The problem: Give the lines again exactly as they appear below, from the line with "Don’t be intimidated" to the line with "Add the tomatoes", both included, and only those lines. Leave every picture out.

Material for this exercise:
- Opening Delimiter -

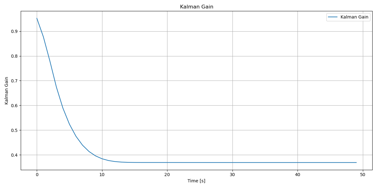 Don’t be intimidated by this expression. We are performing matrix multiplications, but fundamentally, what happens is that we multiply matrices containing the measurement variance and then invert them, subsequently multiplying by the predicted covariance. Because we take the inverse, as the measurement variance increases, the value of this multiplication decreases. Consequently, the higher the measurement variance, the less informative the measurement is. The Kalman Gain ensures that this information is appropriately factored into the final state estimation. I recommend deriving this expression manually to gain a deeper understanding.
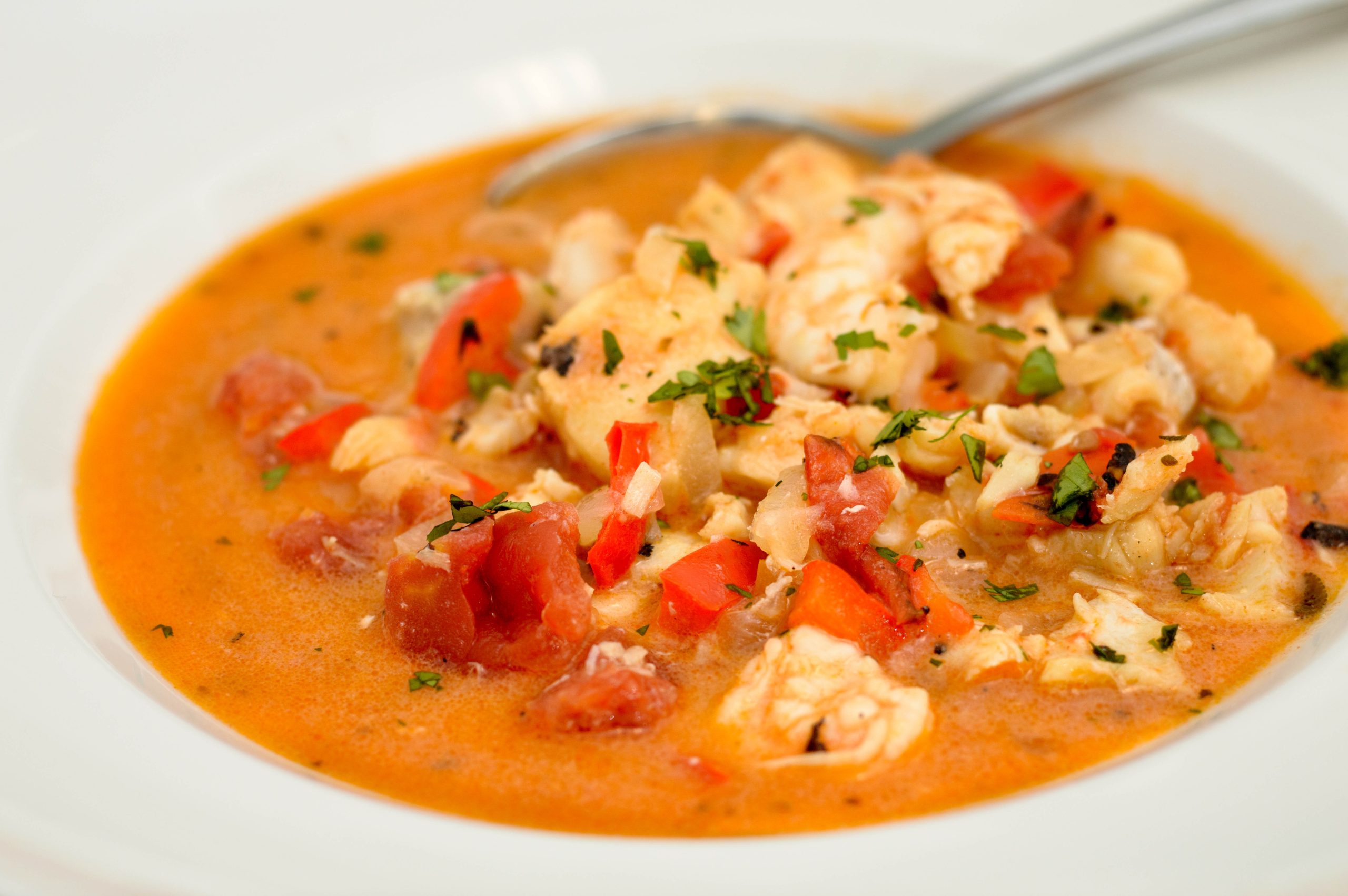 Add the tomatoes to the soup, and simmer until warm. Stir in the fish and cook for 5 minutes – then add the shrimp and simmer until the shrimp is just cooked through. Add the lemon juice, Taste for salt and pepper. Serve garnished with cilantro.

- Closing Delimiter -
- Opening Delimiter -

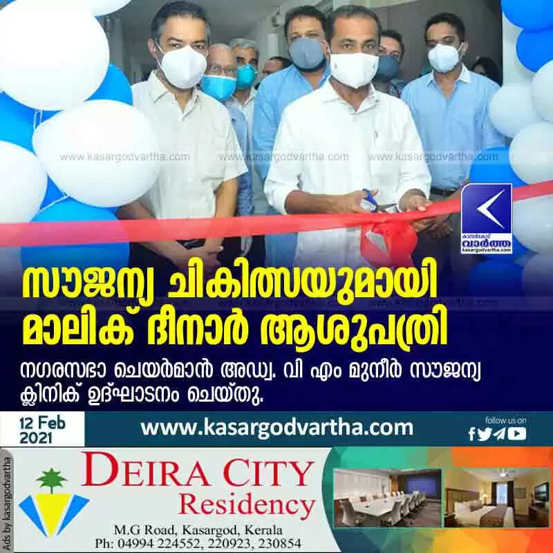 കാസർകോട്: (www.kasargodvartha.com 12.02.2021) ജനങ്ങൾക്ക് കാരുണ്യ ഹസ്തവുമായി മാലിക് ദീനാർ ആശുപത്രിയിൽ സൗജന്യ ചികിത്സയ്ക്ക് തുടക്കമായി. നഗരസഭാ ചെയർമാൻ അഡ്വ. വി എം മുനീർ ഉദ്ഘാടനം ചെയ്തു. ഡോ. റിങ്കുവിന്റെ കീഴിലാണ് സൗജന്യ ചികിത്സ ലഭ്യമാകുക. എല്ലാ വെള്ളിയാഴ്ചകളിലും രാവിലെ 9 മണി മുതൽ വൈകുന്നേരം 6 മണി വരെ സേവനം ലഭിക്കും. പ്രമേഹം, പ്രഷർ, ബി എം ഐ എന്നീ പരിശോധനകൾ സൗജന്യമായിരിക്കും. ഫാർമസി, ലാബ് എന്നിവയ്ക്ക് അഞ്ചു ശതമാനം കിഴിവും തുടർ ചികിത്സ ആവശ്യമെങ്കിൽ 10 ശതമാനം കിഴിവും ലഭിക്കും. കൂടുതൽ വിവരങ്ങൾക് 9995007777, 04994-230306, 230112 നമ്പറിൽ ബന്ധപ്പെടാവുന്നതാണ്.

- Closing Delimiter -

Response box:
 Don’t be intimidated by this expression. We are performing matrix multiplications, but fundamentally, what happens is that we multiply matrices containing the measurement variance and then invert them, subsequently multiplying by the predicted covariance. Because we take the inverse, as the measurement variance increases, the value of this multiplication decreases. Consequently, the higher the measurement variance, the less informative the measurement is. The Kalman Gain ensures that this information is appropriately factored into the final state estimation. I recommend deriving this expression manually to gain a deeper understanding.
 Add the tomatoes to the soup, and simmer until warm. Stir in the fish and cook for 5 minutes – then add the shrimp and simmer until the shrimp is just cooked through. Add the lemon juice, Taste for salt and pepper. Serve garnished with cilantro.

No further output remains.